Seagrass is a fictional film and yet it is also deeply personal to me. The writing process began with some key memories in my life, but developed much beyond that, touching on a web of interweaving themes that matter to me.

When setting out to write this project, I knew that I wanted to look at a particularly poignant time in my life. I was six years old when my parents were going through a divorce. During this time I remember developing many rigid routines and strong attachments to objects. Looking back at this time, I can see clearly as an adult that these behaviours were an outcome of the instability that I was feeling from the changes in our family’s life.

Decades later, as an adult, I have also experienced a great deal of anxiety. Because of this relationship that I have to the emotion of fear, I knew that it would be central to Seagrass.

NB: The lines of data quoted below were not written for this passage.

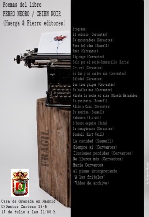 Se recitarán versos del poemario Perro Negro / Chien noir del autor Julián Martínez Gómez, editorial Huerga & Fierro 2016 acompañados por la música de dos importantes compositores cubanos del siglo XIX: Ignacio Cervantes y Manuel Saumell interpretada por el pianísta Andrés Manuel Martínez. La voz extraordinaria de la soprano Mónica Luz interpretará piezas de varios compositores.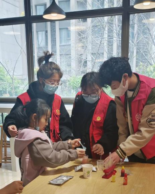 志愿者发挥志愿精神,带领社区小朋友开展科学小实验课堂,大家耐心和小朋友们一起做实验,和小朋友一起玩耍,通过一些简单有趣,适合操作的科学小实验,提高了小朋们的动手动脑能力、思维能力、判断能力、创新能力。志愿者们也通过活动增强了自身动手能力和小朋友的交流互动能力。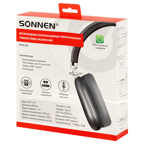 Наушники SONNEN HP-BH12B – это качественный и стильный аксессуар для повседневной жизни и отдыха.

From exploring questions relating to fear and security, I found a story that speaks to many themes. Seagrass is about a distressed family, motherhood, the deep bonds between sisters, irrational fears, grief, shame, intergenerational trauma and racial identity. It is about all these seemingly disparate things, but the thematic tissue that connects them all is “fear” and the various ways that uncertainty affects our relationships and sense of stability.

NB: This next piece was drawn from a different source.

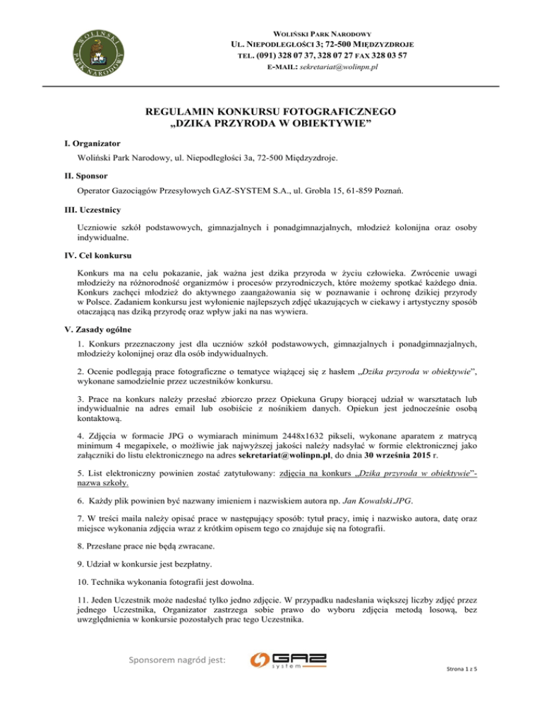 WOLIŃSKI PARK NARODOWY UL. NIEPODLEGŁOŚCI 3; 72-500 MIĘDZYZDROJE TEL. (091) 328 07 37, 328 07 27 FAX 328 03 57 E-MAIL: [email protected] REGULAMIN KONKURSU FOTOGRAFICZNEGO „DZIKA PRZYRODA W OBIEKTYWIE” I. Organizator Woliński Park Narodowy, ul. Niepodległości 3a, 72-500 Międzyzdroje. II. Sponsor Operator Gazociągów Przesyłowych GAZ-SYSTEM S.A., ul. Grobla 15, 61-859 Poznań. III. Uczestnicy Uczniowie szkół podstawowych, gimnazjalnych i ponadgimnazjalnych, młodzież kolonijna oraz osoby indywidualne. IV. Cel konkursu Konkurs ma na celu pokazanie, jak ważna jest dzika przyroda w życiu człowieka. Zwrócenie uwagi młodzieży na różnorodność organizmów i procesów przyrodniczych, które możemy spotkać każdego dnia. Konkurs zachęci młodzież do aktywnego zaangażowania się w poznawanie i ochronę dzikiej przyrody w Polsce. Zadaniem konkursu jest wyłonienie najlepszych zdjęć ukazujących w ciekawy i artystyczny sposób otaczającą nas dziką przyrodę oraz wpływ jaki na nas wywiera. V. Zasady ogólne 1. Konkurs przeznaczony jest dla uczniów szkół podstawowych, gimnazjalnych i ponadgimnazjalnych, młodzieży kolonijnej oraz dla osób indywidualnych. 2. Ocenie podlegają prace fotograficzne o tematyce wiążącej się z hasłem „Dzika przyroda w obiektywie”, wykonane samodzielnie przez uczestników konkursu. 3. Prace na konkurs należy przesłać zbiorczo przez Opiekuna Grupy biorącej udział w warsztatach lub indywidualnie na adres email lub osobiście z nośnikiem danych. Opiekun jest jednocześnie osobą kontaktową. 4. Zdjęcia w formacie JPG o wymiarach minimum 2448x1632 pikseli, wykonane aparatem z matrycą minimum 4 megapixele, o możliwie jak najwyższej jakości należy nadsyłać w formie elektronicznej jako załączniki do listu elektronicznego na adres [email protected], do dnia 30 września 2015 r. 5. List elektroniczny powinien zostać zatytułowany: zdjęcia na konkurs „Dzika przyroda w obiektywie”nazwa szkoły. 6. Każdy plik powinien być nazwany imieniem i nazwiskiem autora np. Jan Kowalski.JPG. 7. W treści maila należy opisać prace w następujący sposób: tytuł pracy, imię i nazwisko autora, datę oraz miejsce wykonania zdjęcia wraz z krótkim opisem tego co znajduje się na fotografii. 8. Przesłane prace nie będą zwracane. 9. Udział w konkursie jest bezpłatny. 10. Technika wykonania fotografii jest dowolna. 11. Jeden Uczestnik może nadesłać tylko jedno zdjęcie. W przypadku nadesłania większej liczby zdjęć przez jednego Uczestnika, Organizator zastrzega sobie prawo do wyboru zdjęcia metodą losową, bez uwzględnienia w konkursie pozostałych prac tego Uczestnika. Sponsorem nagród jest: Strona 1 z 5 WOLIŃSKI PARK NARODOWY UL. NIEPODLEGŁOŚCI 3; 72-500 MIĘDZYZDROJE TEL. (091) 328 07 37, 328 07 27 FAX 328 03 57 E-MAIL: [email protected] 12. Fotografie, na których będą znajdować się jakiekolwiek oznaczenia, cyfry (np. daty) będą dyskwalifikowane. 13. Organizator nie ponosi odpowiedzialności za zgłoszenia, które dotarły po terminie nadsyłania prac lub nie dotarły do niego z przyczyn od niego niezależnych, m.in. wskutek awarii komputera, łączy internetowych czy systemu operacyjnego. VI. Zasady szczegółowe 1. Udział w Konkursie jest jednoznaczny z udzieleniem Wolińskiemu Parkowi Narodowemu prawa do korzystania z autorskich praw majątkowych do każdego z Utworów przekazanych w ramach Konkursu na następujących polach eksploatacji: 1) utrwalanie i zwielokrotnianie Utworów: wytwarzanie egzemplarzy techniką drukarską oraz techniką cyfrową na nośnikach danych i w komputerach; zapisywanie; konwertowanie; kopiowanie; 2) wprowadzenie do pamięci komputera w celu przygotowania Utworów do publikacji; 3) wprowadzenie do pamięci serwera w celu udostępniania Utworów w wewnętrznej sieci Licencjobiorcy; 4) wprowadzanie zwielokrotnionych egzemplarzy Utworów do obrotu; 5) archiwizowanie Utworów, przechowywanie na nośnikach danych, w pamięci komputera, serwera; 6) publiczne wystawienie, wyświetlenie, odtworzenie, udostępnianie Utworów w taki sposób, aby każdy mógł mieć do nich dostęp w miejscu i w czasie przez siebie wybranym; 7) wykorzystanie wybranych Utworów na stronie internetowej Wolińskiego Parku Narodowego; 8) korzystanie z fragmentów fotografii pod warunkiem, że nie będą one zniekształcone; 9) stworzenia prezentacji multimedialnej z wykorzystaniem Utworów; 10) opatrzenia fotografii podpisami, dodanie do nich podkładu dźwiękowego. 2. Licencja ma charakter niewyłączny i uprawnia do korzystania z Utworów przez Licencjobiorcę bez ograniczeń terytorialnych. 3. Licencja udzielona jest nieodpłatnie i na czas nieokreślony. 4. Licencja obejmuje prawa zależne. 5. Licencja na korzystanie z Utworów obejmuje prawo Licencjobiorcy do powierzenia utrwalania lub zwielokrotniania Utworu osobom trzecim w celach związanych z działalnością Wolińskiego Parku Narodowego. 6. Uczestnicy konkursu, rodzice lub opiekunowie prawni dziecka zgadzają się na piśmie (załącznik nr 1 do regulaminu) na opublikowanie imienia, nazwiska, wieku dziecka oraz udzielają zgody na korzystanie z utworów na ww. polach eksploatacji i udzielenie licencji na ww. warunkach. Osoby znajdujące się na zdjęciach również składają pisemne oświadczenia, że wyrażają zgodę na publikację zdjęć (załącznik nr 2 do regulaminu). Bez wyżej wymienionych załączników prace fotograficzne nie będą brały udziału w konkursie. 7. Oświadczenia powinny zostać dostarczone indywidualnie lub zbiorczo przez opiekuna grupy biorącej udział w warsztatach. Dostarczyć należy je osobiście lub pocztą tradycyjną na adres Wolińskiego Parku Narodowego, ul. Niepodległości 3a, 72-500 Międzyzdroje do dnia 30 września 2015 r., przy czym dla zachowania tego terminu wymagany jest wpływ do tego dnia do godziny 15:00 oświadczeń w sekretariacie WPN. 8. W wypadku naruszenia praw autorskich, majątkowy

One of the themes I’d like to speak to further is my exploration of racial identity in the film. I knew as I became more invested in the story that it would need to be something that I incorporated. As Judith struggles to find her identity as a mother, wife and woman, I knew her racial identity would be a large question for her as well.

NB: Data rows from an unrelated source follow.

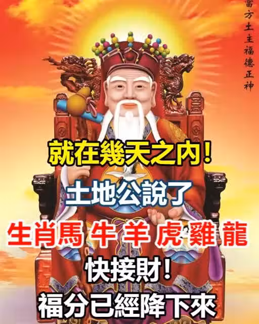 就在幾天之內!土地公說了「生肖馬牛羊虎雞龍」快接財!福分已經降下來!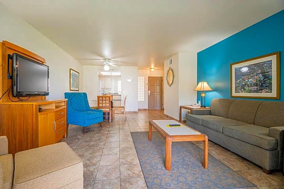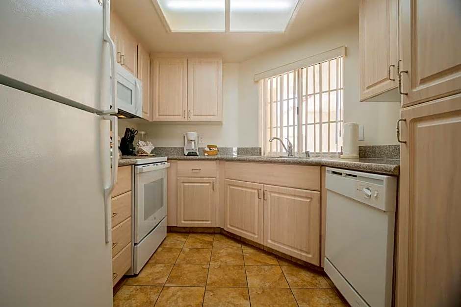 At Desert Breezes, you can choose between a studio, one or two-bedroom unit. Studios offer a partial kitchen and enough space to comfortably sleep two. The one-bedroom units feature kitchenettes and are perfect for four guests.Two-bedroom suites are the most spacious and come equipped with a full kitchen and fireplace for those chilly nights. No matter what size you choose, all rooms include a patio or balcony, air- conditioning, LCD TV with premium channels, DVD player and bathrobes.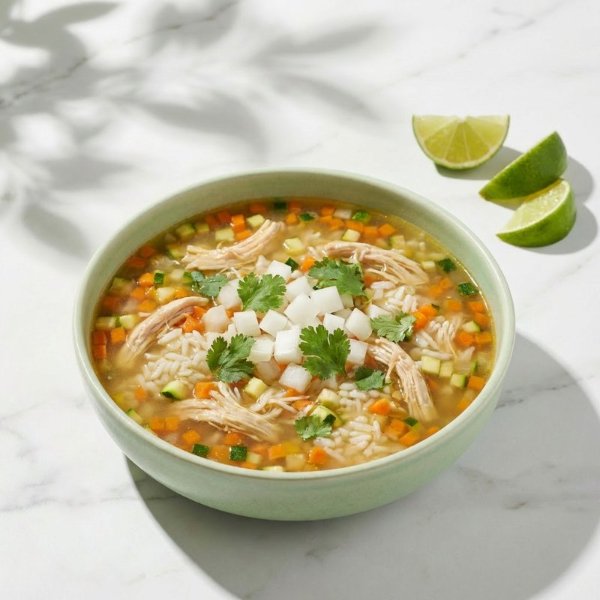 Consome con pechuga de pollo (32g.), arroz, zanahoria y zucchini, acompañado con cebolla, cilantro y limón.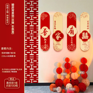 【神仙眷属】婚房背景墙+长条喜+蜂窝球
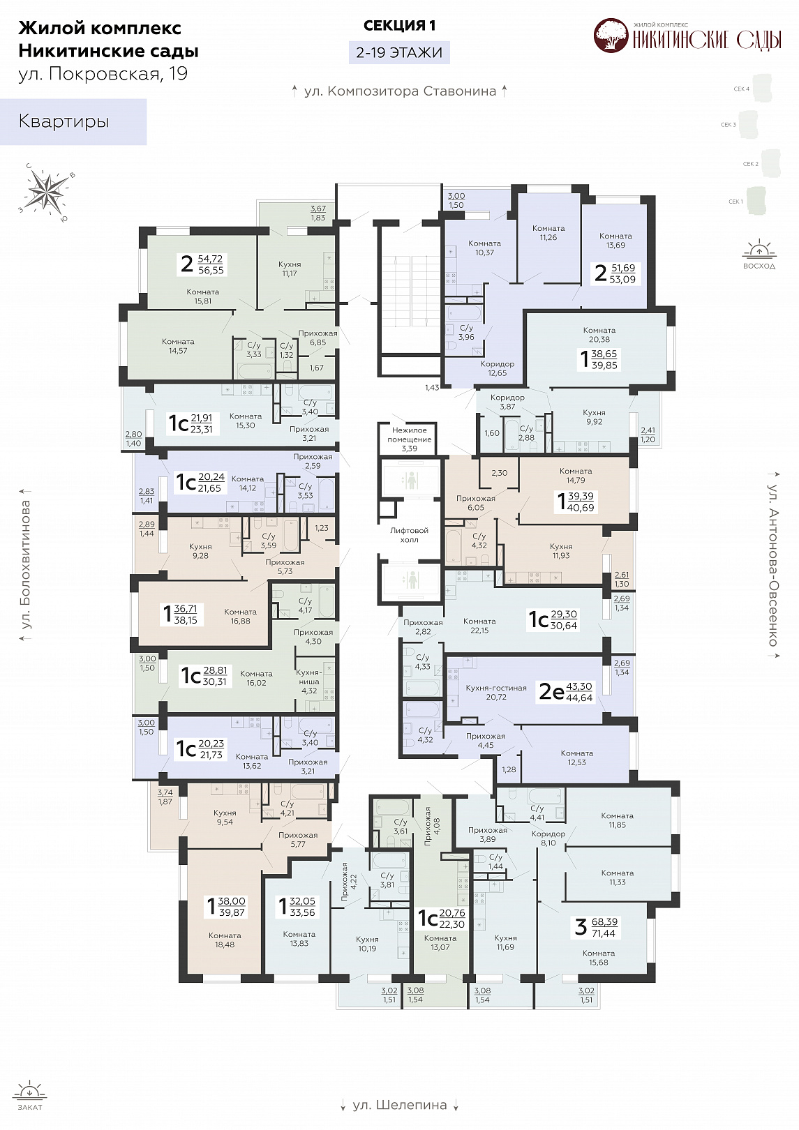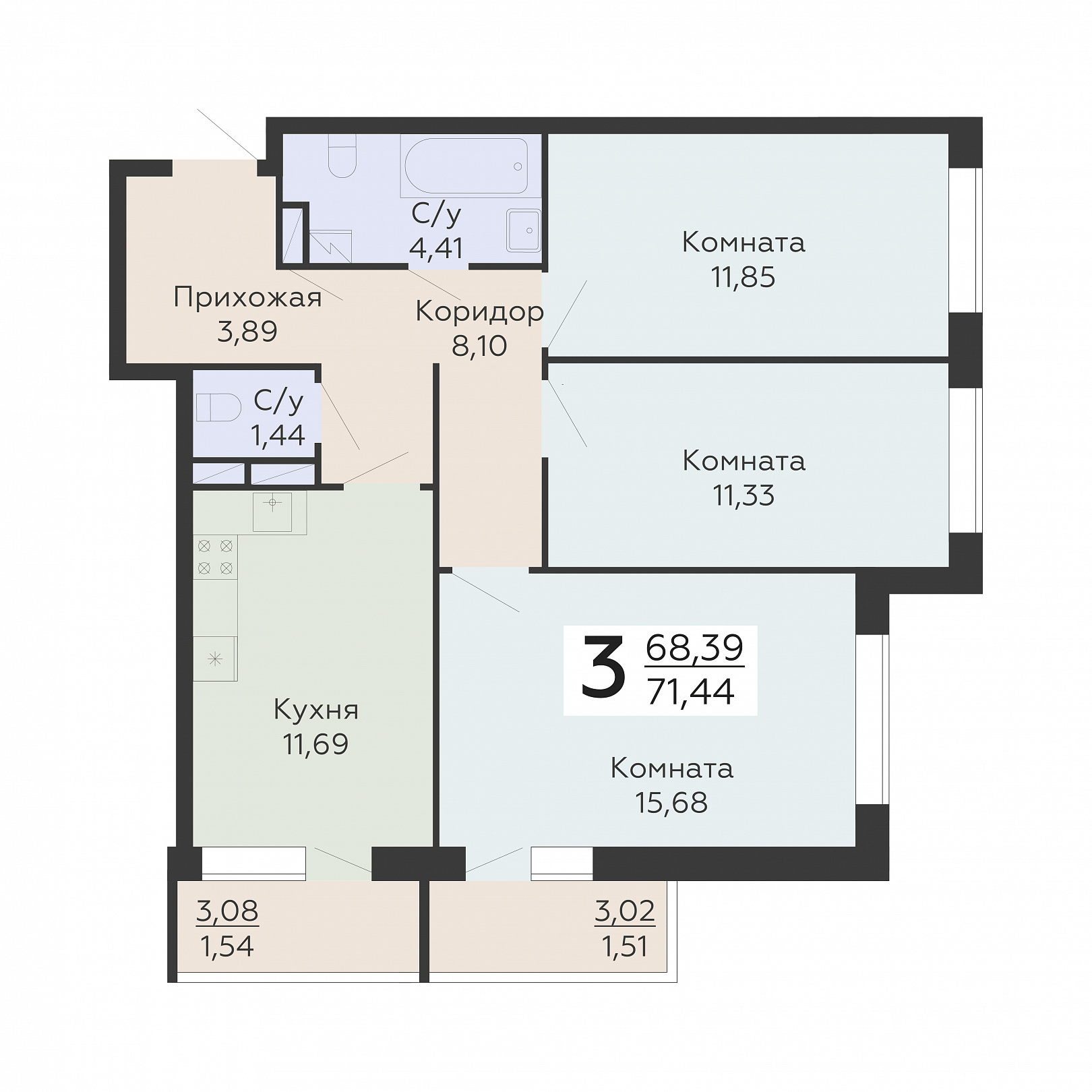 3-комнатная квартира, 71.44 м2, 15 этаж, №201, Никитинские сады

As a half-Japanese, half-white Canadian, I have often considered questions around my identity. So much of my Japanese Canadian family history and culture were not passed on to me. When I look at the root cause of this, I feel that it is a direct result of the incarceration of Japanese Canadians during WWII.

My grandparents didn’t speak much about their experience to their children, I think because it caused them to feel shame. My mother and her six siblings grew up in the interior of British Columbia, in a predominantly white community; a place her family ended up residing because of her parents’ unjust displacement and the fracturing of the Japanese Canadian community in BC pre-war. Through Judith’s character, I am looking at some of the reasons why lineage and culture were lost in my family. I am also exploring through her crisis, the feelings of anger, shame, and longing that come along with losing touch with one’s own history.

The film ends somewhat jarringly; each storyline isn’t perfectly resolved in a neat and conclusive way. I felt this was the most enriching and truthful ending for the film. It speaks to the many ways that the characters’ lives have been fragmented and instead of being able to fix these ruptures, the only answer is them to simply see the truth head on, at last.